After concluding this section you will have something like a GitOps for our wan automation service. If you change some information from your WAN site on gitlab repo, AWX will implement it on equipment.
note
Please, note that in this demo we installed gitlab runner using "privileged" mode and also mapped docker host socket to the container. This means that gitlab runner container can virtually execute any docker command directly into our docker host, stopping, starting, running and removing ANY container (including AWX and itself). This is NOT a good practice, but we have made this way because we will use gitlab runner to also start our APIs and UI container on the demo.
In a production environment, as stated before, its a good practice to separate functions on different hosts (user APIs, UI and its gitlab runner CI/CD on a isolated place from AWX playbooks and its own gitlab runner CI/CD) and if possible creating/using more than one gitlab. The gitlab runner that starts our AWX jobs, does not need privileged access and only needs to connect to AWX and gitlab APIs, so you don't need to map docker host socket neither use privileged mode on this runner and could use docker in docker to run your curl/bash commands or execute commands directly on gitlab runner container.
Every file for Gitlab Runner config to our demo can be found here
Registering our runner
To register our gitlab-CI/runner we first need a registration token and we will get this token using gitlab API. After getting this token we will docker exec
a command on gitlab runner container to register it on the wan_site group.
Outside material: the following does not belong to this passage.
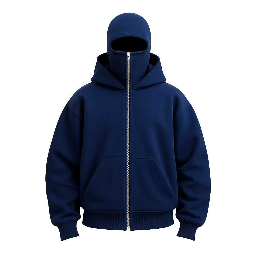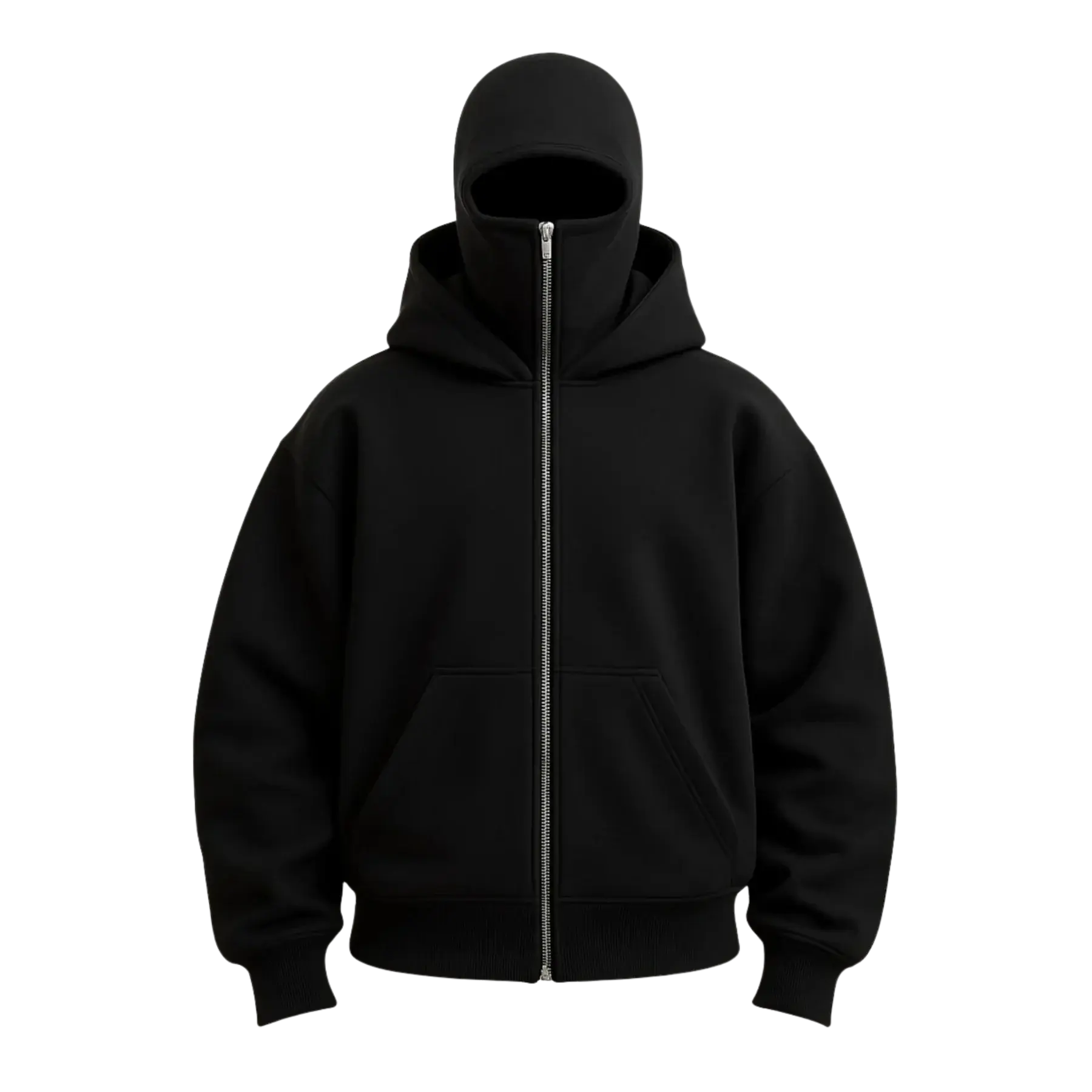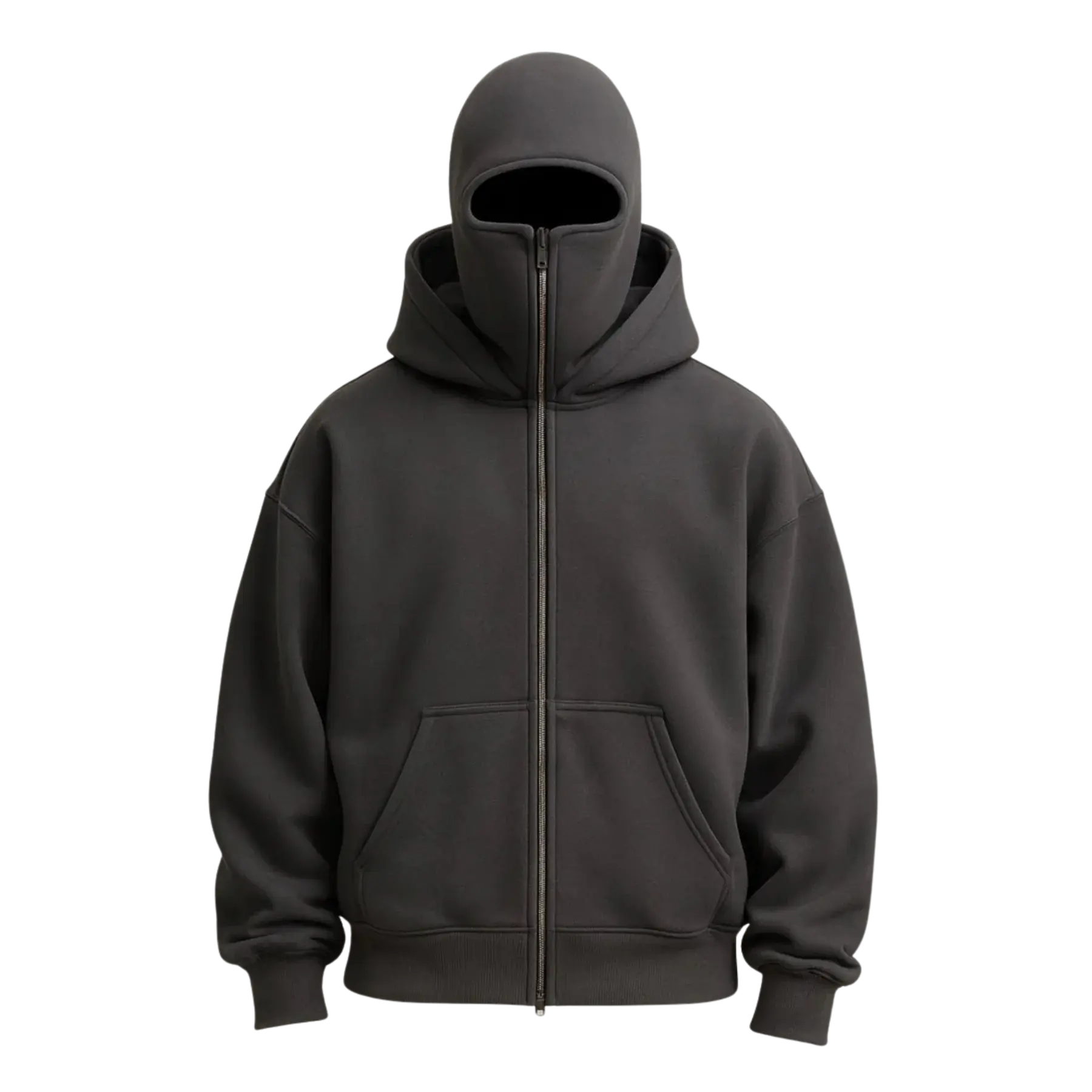 The ultimate hoodie for cold days: with an integrated mask and practical zipper, this zip hoodie protects you from cold and wind. Stylish, comfortable, and perfect for the winter months!

After runner is registered, everytime a file is changed on any repository inside wan_site group, gitlab runner will look for a .gitlab-ci.yml file and use it to start our CI/CD pipeline.
Building our .gitlab-ci.yml
Will be used a quite simple pipeline with only 1 stage that gets required credentials from our Vault 2 and calls AWX API to start our workflow job template and monitors it until it stops. You could insert other stages to improve your pipeline and you should consider this if you are making more complex automations. Some examples for network automation:
- Add a Jerikan stage to to parse your data and send it already parsed to AWX (needs to change the playbook)
- Add a batfish stage to validate your config after parsing it.
- Add a network simulation tool stage to test your parsed configs in a lab.
- Add a "homologation" test stage, running another playbook (or changing hostname or sending to another specific AWX) that will implement your changes on some lab equipment and validate its functionalities. Could either be physical equipments or lab routers running on a qemu emulation (see eve-ng for a nice solution)
- Add an approval stage making the pipeline wait until an operator access gitlab and approves the changes (or build an API/UI for this step!).
Our 1 stage pipeline will use a basic alpine image from docker hub and we will install curl and jq on it to use on our APIs calls. You could (and I think it's a good practice) build your own image only with basic Shell functionalities, curl, jq and other tools that you use on each stage.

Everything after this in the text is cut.